From: Jonathan Turkanis (technews_at_[hidden])
Date: 2005-01-11 22:56:05


Hi Christopher,

I think I haven't made my main point clear, so let me try to rephrase it.

Some filtering operations are easier to express using the InputFilter concept
than the OutputFilter concept, and vice versa. For example, the tab-expanding
filter

http://home.comcast.net/~jturkanis/iostreams/libs/iostreams/doc/?path=4.1

is easier to express as an output filter, since whenever it encounters a tab
character it can simply write the appropriate number of space characters to the
provided Sink. If it were an InputFilter, whenever it read a tab character from
the provided Source it would have to return a single space character and then
record the number of space characters to return on subsequent calls to get().

Similarly, whenever a new filter concept is added, I'd like to have a concrete,
real-world example (preferably several examples) of a filtering operation which
is easier to express using to the new concept than using any of the existing
concepts. I was hoping you would be able to say something like this:

 "Considering the XXX filter; look how easy it is to express using a co_filter:

     [code]

Now look how hard is to express it as an InputFilter

     [code]

or as an OutputFilter

    [code]

Therefore, adding direct support for the co_filter will make the iostreams
library easier to use."

I'm getting the feeling, however, that you think the existing concepts are
simply too hard to understand. Is this correct? Do you think more examples or
tutorial material might help?

christopher diggins wrote:
> ----- Original Message -----
> From: "Jonathan Turkanis" <technews_at_[hidden]>
>>> void DoWork() {
>>> // do work
>>> }
>>>
>>> int main() {
>>> DoWork();
>>> }
>>
>> Okay, but do you really expect people to start writing programs this
>> way?
>
> Yes, especially if the iostreams library provides the functionality
> to them. My point is that C++ code is pointlessly hard to reuse as
> is, and I am pushing for new ways to make small programs more
> reusable. This is incrediby important when managing large numbers of
> small programs (for instance library tests and demos).

I agree that reuse is critical. The iostreams library was designed to allow
developers to create highly reusable components.

> It is trivial to
> refactor code to make it look like the above, just cut and paste the main!

If you can convince me that there are lots of existing programs lying around
which can be transformed into co_filters by modifying a few lines, I'd be
inclined to add co_filters to the library. One thing I'd like to know is why
system_filters wouldn't be an acceptable vehicle for reuse in that case.
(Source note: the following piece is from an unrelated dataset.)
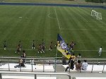 スタメンはホーム初戦ということもあってか?サテ初戦以来のチャレンジャーズチームのみの編成。GK棗、DF杉山、柳澤、富松、野口、MF高向、諸、後藤、豊原、FW 佐藤、樋口。中盤は高向と諸のダブルボランチ+右に後藤、左に豊原が張り出す形。控えはGK近藤、DF前節仙台戦でベガサポ(女子)にやたらと人気だった三上、MF佐田、小久保、FW御給。後者3名がこの日のトップ→サテ出張組ですな。再び霧が出てきて見えにくい状況のなかでのキックオフ。開始前の円陣がいつもより長く感じたが、一体何を話していたのだろうか? 前半は霧が出ているとはいっても自陣ならなんとか見えたし、ときおり霧がなくなったので試合の流れを追うことは可能だった。が、1週間前の同カードとほぼ同じスタメン(財前はいなかったが...)のベガルタ、やはり強敵は強敵のままであった。 ホームは我々だというのにどうも相手にペースを握られている感。 前半9分、さっそく悲劇はおこる。チェリーこと後藤が柳澤に渡そうとしてゆるいパスを出す。そこをすかさずインターセプトしてきたのが仙台13番の松浦。棗も前に出てきていたため、無人のゴールにそのままゴール→仙台の先制。自分が犯したミスに落ち込むチェリーの肩を叩くキャプテン宏太。なぁにまだ開始10分も経ってないんだから、まずは1点取り返そう!前向きにいこーぜ!と思いながら観ていたのだが、うーん...どうもなかなかエンジンがかからないんだな。満足に攻撃の形もあまり作れないし、なによりも守備が危ない。GKに戻そうとするラストパスがどうにも中途半端。

>> I think people would only do this to conform to your filter concept. My
>> question is: why aren't the other concepts sufficient?
>
> The other concepts are fine, they are just more obfuscated than most
> programmers require. Just imagine trying to explain how to use a
> filter concept in a way which makes sense to a Java / Delphi / C
> programmer.

Actually, the InputFilter and OutputFilter concepts are very similar to the
classes FilterInputStream and FilterOutputStream from java.io. The main
difference is that the Java classes store a reference to the downstream Device
as member data while models of the Boost concepts are passed the downstream
Devices as function arguments. This was done to allow the exact type of the
downstream Device to vary, to prevent user-defined filters from having to derive
from specific classes, and to shield the user from managing the lifetime of the
downstream Device.

> I think it is important to try and provide alternatives where possible
> which makes sense to professional programmers who may not be familiar
> with the intricacies of generic programming techniques and functors.
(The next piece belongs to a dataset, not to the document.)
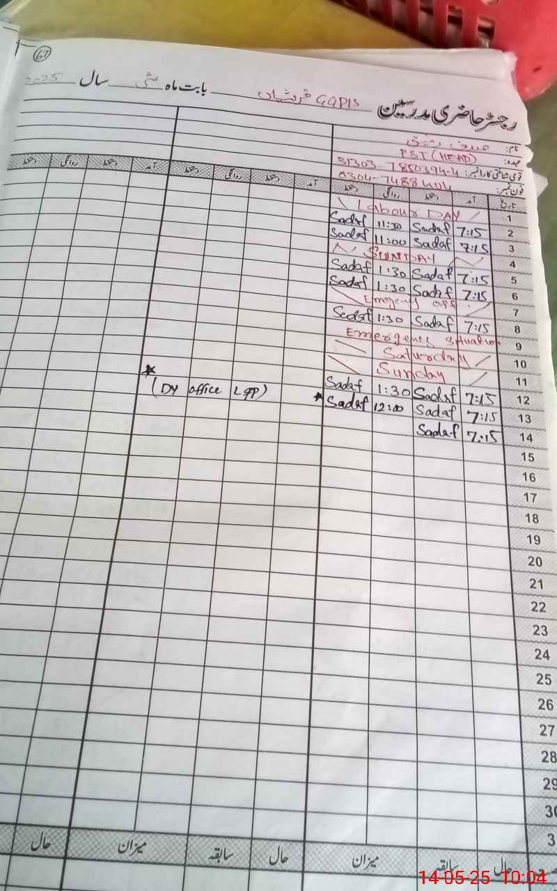 | Name: SA**** RA**** Designation: (School Headmaster's/Headmistress's) PST Phone/Cell Number: 03**** |

My hope is that users who do not feel comfortable reading the semi-formal
concept specifications will be able to learn to use the library quickly by
studying the examples. I intend to provide many additional examples in the final
documentation.

>>> By taking this one simple step, a person's code could then be easily
>>> reused. This does overlook the fact that most filter programs take
>>> parameters which is trivially remedied.
>>
>> Note that none of the other concepts has this problem.
>
> Noted. I think that all of the concepts should be supported! I simply
> arguing the case for void(*)() as a valid concept for now.

I don't think I ever said it was invalid.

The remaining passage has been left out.